I saw several. One, too old by far, turned out not to be in the life, and when I approached, she skittered away with a haughty tut-tut to her carriage to inform me that I had made a mistake, that she was not up for trade, and to chastise me for my impertinence with the suggestion that I return to busier thoroughfares. Another, alas, was too swift; I never caught up with her and lost her in a crowd on one of my peregrinations.

In time, I wore out and found a seat at the bar of the public house called the Three Nuns—not many of them about, either, I’ll tell you! In that rowdy place, among the many and anonymous, I refreshed with an ale, then another. Eventually I arose and escaped the clamor, then found that the beer had slowed and dulled me and moved my mood toward the sourly comic, in which everything was amusing and nothing meaningful. I knew I had no patience for the kind of careful stalk I had planned; the evening was well shot. Accepting defeat is sometimes the best way to assure victory, for as I began my desultory walk homeward, I saw her.

I dubbed her, in my mind, Juliet, after Shakespeare’s most tragic young lover. She was no thruppence Judy, that was for sure, and you saw them sometimes, for among the twelve hundred who plied their trade to stay alive down here in hell’s maw and Jack’s feeding ground, now and again a lass of some exquisiteness might appear. She’d be quickly bought up by a rich man for mistress or recruited by a house for the room of highest ceiling and reddest silk, but in this way she got her start and advanced in her trade and, who knew, ultimately made it to the arm of someone already chosen by society as a lucky fellow. The lucky get luckier, that’s the rub.

She was tall and thin and painfully young, as if untouched, even virgo intacticus, with a doll’s delicate translucent face and tendrils of curled blond hair framing it. Her hat was pert, her bodice tight, gathered in satin posies about her swan’s neck to emphasize an impossibly adorable bosom, the amenities contained within not heavy to flesh and droop, but all perfect in pouty haughtiness. She would do perfectly for the blasphemy I intended, and by the luck of He Who Does Not Exist, she was exactly where she had to be when she had to be there.

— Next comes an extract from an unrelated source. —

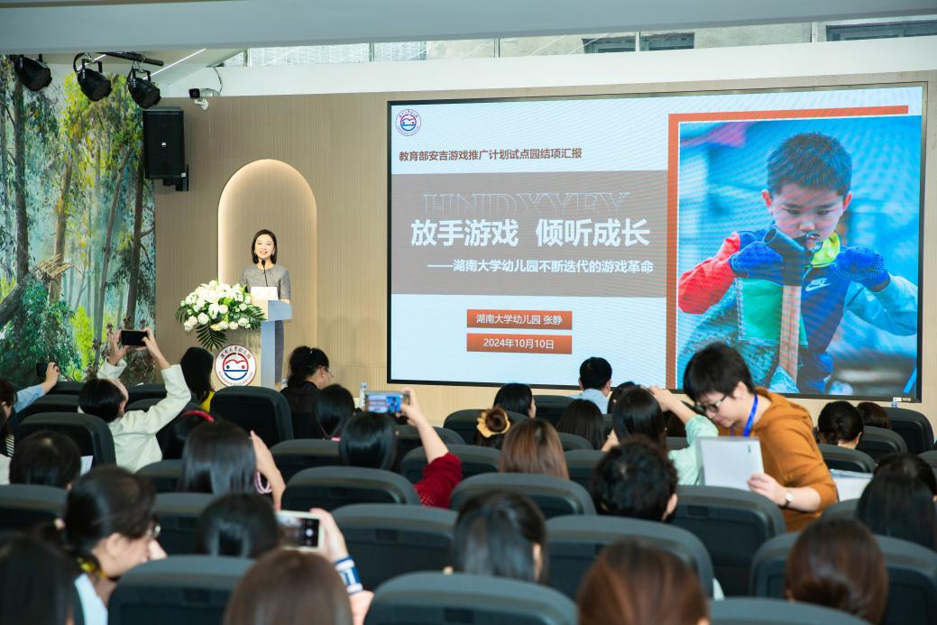 10月10日,“放手游戏·倾听成长——不断迭代游戏革命”教育部安吉游戏推广计划试点项目结项活动在幼儿园举行。湖南省教育厅基础教育处、湖南大学党委宣传部(新闻办公室)地址中心普通教育与继续教育管理办公室有关负责人,省市区教育行政教研部门领导、专家、幼儿园家长代表以及全省各市州的园长、教师等150余人参加活动。本次活动由湖南大学党委宣传部(新闻办公室)地址中心幼儿园、湖南省张静名园长工作室共同承办,旨在深入贯彻教育部《关于实施安吉游戏推广计划的通知》文件精神,落实“以...

The quality of her clothing gave her away, I saw in a second. She was of a subspecies in the trade called a “dress lodger,” meaning, poor girl, that she was employed by a house, lent finer clothes than she could afford on her own and, in return for them, split the fee with the madam who ran the place and was further obligated to steer her client its way when all was done. It was a form of advertising, if you will, in the brothel industry. Whatever, I knew then she was no innocent. Oddly, that inflamed me even more.

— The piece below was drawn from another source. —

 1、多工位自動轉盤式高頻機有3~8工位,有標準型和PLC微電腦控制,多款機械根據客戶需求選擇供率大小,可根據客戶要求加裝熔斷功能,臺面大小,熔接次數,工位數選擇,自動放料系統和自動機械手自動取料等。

I approached, brushed close by her, and smelled her—delicious, ambrosial—then turned to melt my eyes on her, noting a spray of youthful freckles across the bridge of nose, playing out on her cheeks. Our eyes beheld each other for just a second, but it was a long and, for me, a passionate one. As for her, nothing perturbs the calm of beauty, for she believes beauty is her Achilles’ potion, shielding her from all harm. Generally, that is a terrible mistake.

“Would the young lady care for an escort?” I inquired, removing my hat and bowing slightly.

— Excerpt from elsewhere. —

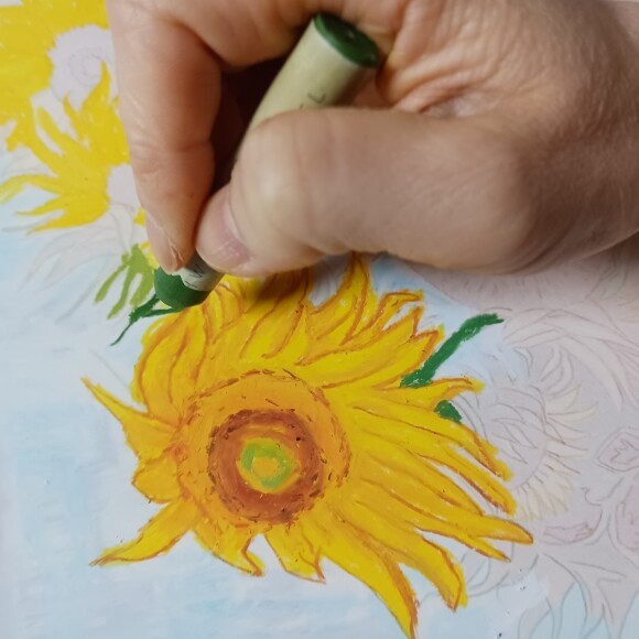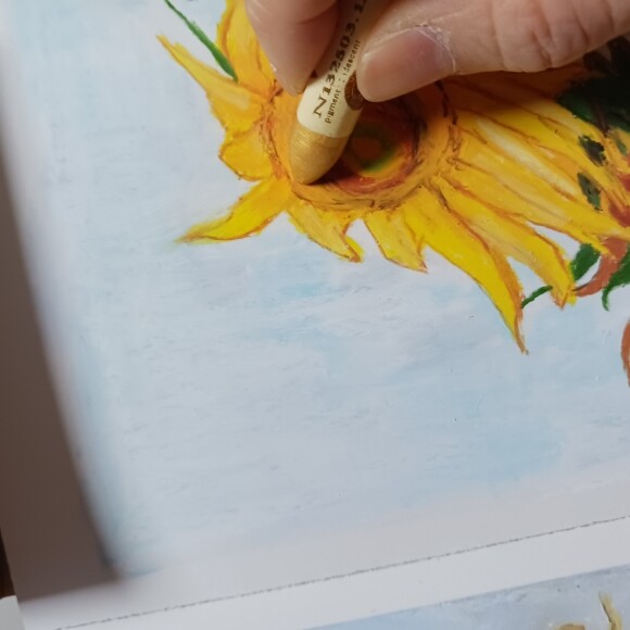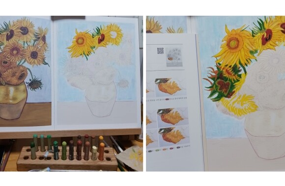 따뜻한 질감이 잘 살아나는 색연필로 그림을 그리신다고 하신다"

“I know your sort,” she said. “Start off nice and friendly, all gentle-like, then directly comes the cuff and the fist and finally the kick.”

“I would slay any man who would kick, even slap, such a face, whose eyes, I might add, sparkle with intrigue, not the cow’s surrender to its fate.”

“He talks fancy, then, does this one. Maybe you’re Saucy Jacky, the one that rips, and it’s something sharp is my destiny, not something sweet.”

“Madam, this Jack works a later shift. As well, I invite you to examine my body and see it bereft of blade,” I said. “For who could see you and think of such?”

The poor thing. She had no idea with whom she spoke and how close was the Reaper’s—the Ripper’s, another hidden meaning in whatever hack had so coined the moniker—scythe.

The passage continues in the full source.